Exercise details: Omit all pictures, then repeat the listing exactly.

Data:
******
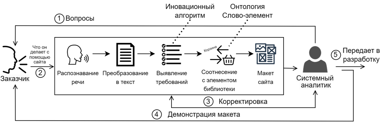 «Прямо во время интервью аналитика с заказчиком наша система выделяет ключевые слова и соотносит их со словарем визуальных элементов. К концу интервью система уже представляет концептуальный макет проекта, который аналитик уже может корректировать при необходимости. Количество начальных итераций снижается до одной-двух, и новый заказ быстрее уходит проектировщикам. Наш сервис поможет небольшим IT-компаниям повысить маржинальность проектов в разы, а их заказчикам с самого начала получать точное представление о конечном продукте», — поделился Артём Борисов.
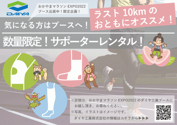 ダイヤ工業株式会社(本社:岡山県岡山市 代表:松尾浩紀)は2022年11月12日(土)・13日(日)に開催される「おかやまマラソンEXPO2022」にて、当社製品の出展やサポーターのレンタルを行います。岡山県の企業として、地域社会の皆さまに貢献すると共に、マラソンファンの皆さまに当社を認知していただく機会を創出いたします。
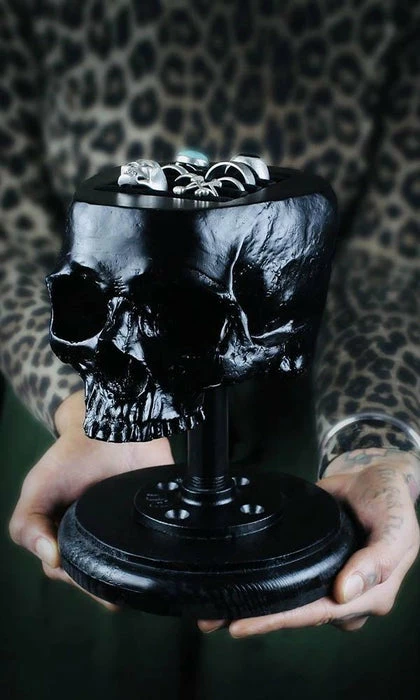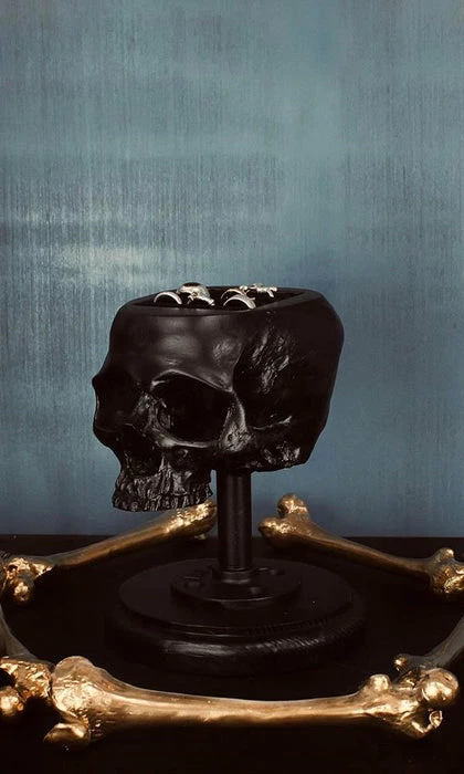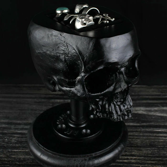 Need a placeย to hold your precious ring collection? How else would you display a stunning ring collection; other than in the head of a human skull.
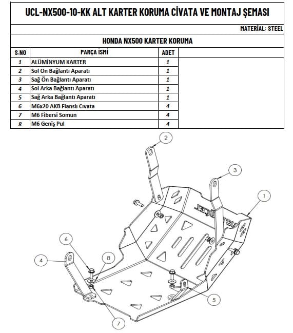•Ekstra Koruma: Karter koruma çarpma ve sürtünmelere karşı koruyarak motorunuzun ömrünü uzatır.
******
Your solution:
 «Прямо во время интервью аналитика с заказчиком наша система выделяет ключевые слова и соотносит их со словарем визуальных элементов. К концу интервью система уже представляет концептуальный макет проекта, который аналитик уже может корректировать при необходимости. Количество начальных итераций снижается до одной-двух, и новый заказ быстрее уходит проектировщикам. Наш сервис поможет небольшим IT-компаниям повысить маржинальность проектов в разы, а их заказчикам с самого начала получать точное представление о конечном продукте», — поделился Артём Борисов.
 ダイヤ工業株式会社(本社:岡山県岡山市 代表:松尾浩紀)は2022年11月12日(土)・13日(日)に開催される「おかやまマラソンEXPO2022」にて、当社製品の出展やサポーターのレンタルを行います。岡山県の企業として、地域社会の皆さまに貢献すると共に、マラソンファンの皆さまに当社を認知していただく機会を創出いたします。
 Need a placeย to hold your precious ring collection? How else would you display a stunning ring collection; other than in the head of a human skull.
•Ekstra Koruma: Karter koruma çarpma ve sürtünmelere karşı koruyarak motorunuzun ömrünü uzatır.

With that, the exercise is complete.